A quality reverse osmosis system removes up to 99% of contaminants like lead, arsenic, fluoride, nitrates, chlorine, and dissolved salts. It’s one of the few home filtration methods that can significantly reduce PFAS (forever chemicals) and heavy metals that standard carbon filters simply can’t handle.

How much water does a reverse osmosis system waste?

Traditional reverse osmosis systems waste roughly 3 to 4 gallons of water for every 1 gallon of purified water they produce — that’s a real downside worth considering. Newer high-efficiency models have improved that ratio to about 1:1 or 2:1, so if water waste is a concern, it’s worth looking for systems marketed as ‘permeate pump’ or ‘zero waste’ designs.

Is a reverse osmosis system worth the money?

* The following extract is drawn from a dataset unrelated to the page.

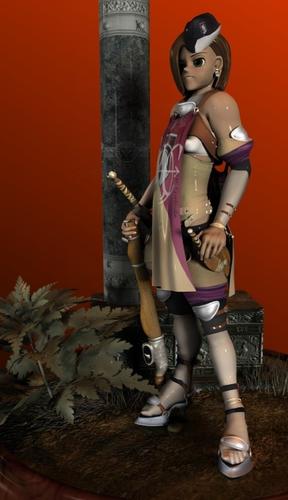 I've actually had a few people ask if I have a male counter-part planned... I can honestly say I do yes... He'll be based on my own sketches and artworks the same as this figure is.... I also plan somewhere down the road on doing some monsters and animals from the same series of RPG game sketches as these have come from (I wrote my own RPG some years back and am now using the sketches I'd done for that as inspiration for my 3d work) :)

If your tap water has high levels of lead, nitrates, arsenic, or you’re spending $50 or more a month on bottled water, a reverse osmosis system is almost certainly worth it. Under-sink systems typically cost between $150 and $400 upfront, and filter replacements run around $50 to $100 per year, so the long-term savings and health benefits usually make sense.

Does a reverse osmosis system remove healthy minerals from water?

Yes, a reverse osmosis system removes most naturally occurring minerals like calcium and magnesium along with the harmful contaminants — it doesn’t discriminate much. That said, most people get the bulk of their daily minerals from food, not water, so it’s not a dealbreaker; some systems do include a remineralization filter stage if that’s a concern for you.